(Problem details) The job is to output each record exactly as it stands, pictures excluded.

(Data under study)
◇ ◇ ◇ ◇

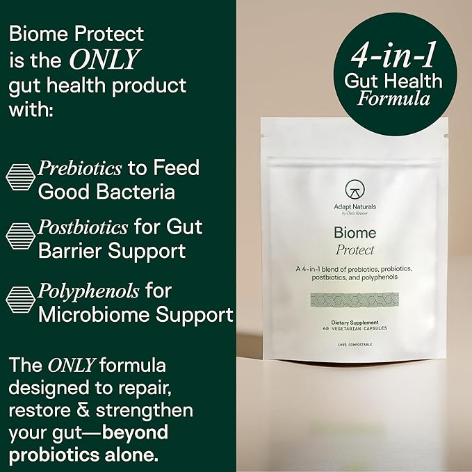 Adapt Naturals 4-in-1 Biome Protect Prebiotics, Probiotics Supplement Postbiotics & Polyphenols for Microbiome, Gut Health & Defense for Women & Men, 30 Day Supply
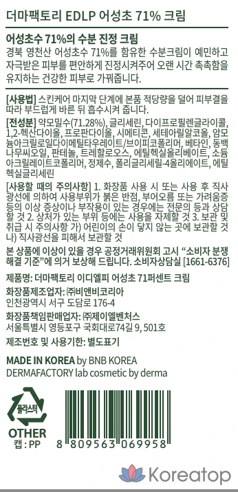Увлажняющий крем Derma Factory EDLP Eoseongcho 71%, 60 г, 1 шт.
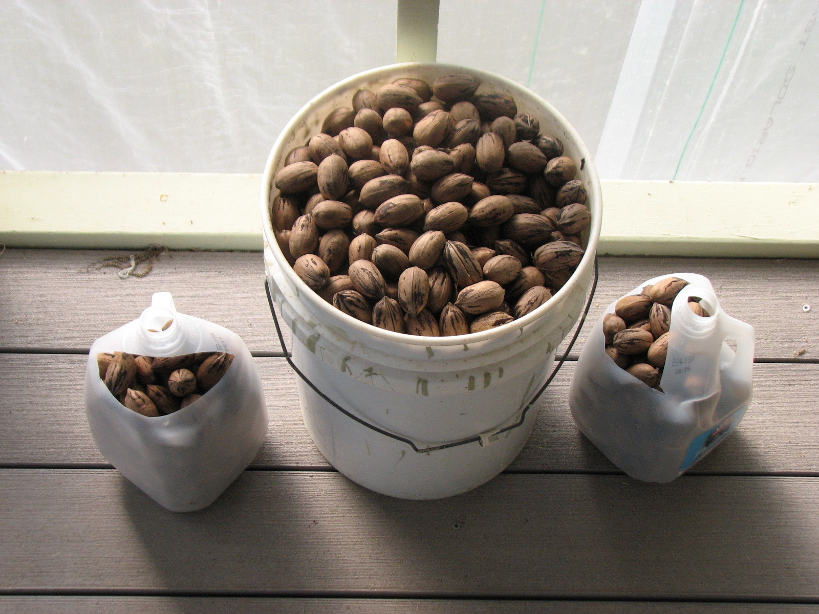 Seven gallons of Desirable harvest today after 60 mph winds. That’s 11 gallons so far or about 52 lbs from one tree. Maybe half of what’s on the tree. Tree still has leaves so hard to tell. I’m usually picking up eatable nuts until March.
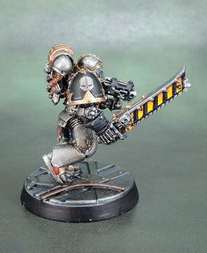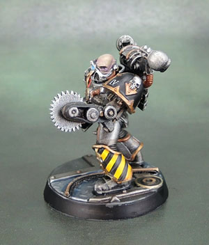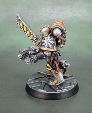 The circular saw arm comes from the same (Not-Orks) “Org” from that game I still can’t recall the name of, while the right shoulder is a metal one. His head is an Iron Warriors head with lots of cybernetic implants. The rest of him comes from the plastic kits of the day. As with many of the other models, I kept a link to the Legion with the IV added to his left shoulderpad.
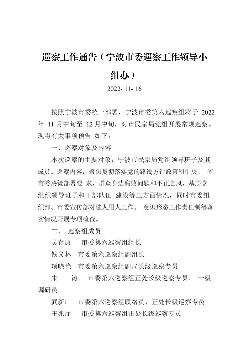 / 巡察工作通告(宁波市委巡察工作领导小组办)
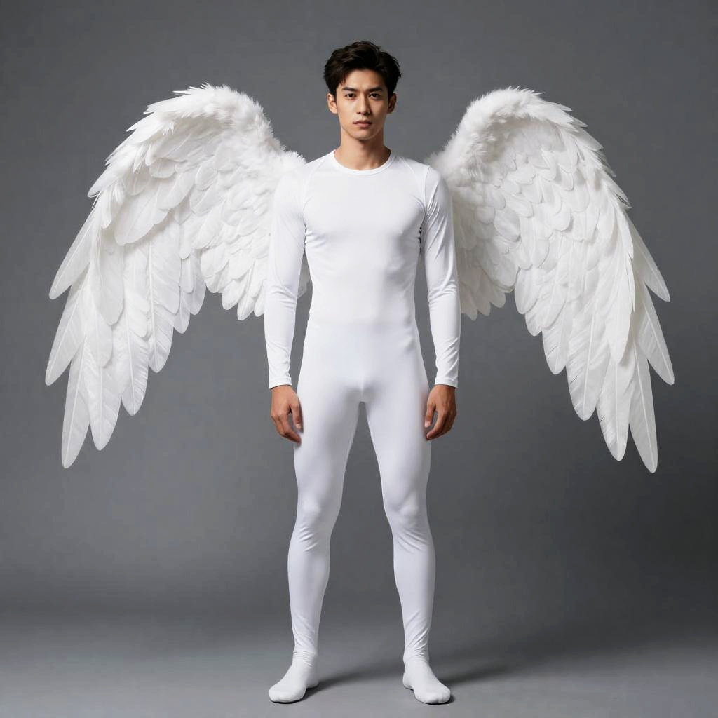 Angel Outfit Male, male angel with white wings and a white bodysuit

◇ ◇ ◇ ◇

(Task answer)
 Adapt Naturals 4-in-1 Biome Protect Prebiotics, Probiotics Supplement Postbiotics & Polyphenols for Microbiome, Gut Health & Defense for Women & Men, 30 Day Supply
Увлажняющий крем Derma Factory EDLP Eoseongcho 71%, 60 г, 1 шт.
 Seven gallons of Desirable harvest today after 60 mph winds. That’s 11 gallons so far or about 52 lbs from one tree. Maybe half of what’s on the tree. Tree still has leaves so hard to tell. I’m usually picking up eatable nuts until March.
 The circular saw arm comes from the same (Not-Orks) “Org” from that game I still can’t recall the name of, while the right shoulder is a metal one. His head is an Iron Warriors head with lots of cybernetic implants. The rest of him comes from the plastic kits of the day. As with many of the other models, I kept a link to the Legion with the IV added to his left shoulderpad.
 / 巡察工作通告(宁波市委巡察工作领导小组办)
 Angel Outfit Male, male angel with white wings and a white bodysuit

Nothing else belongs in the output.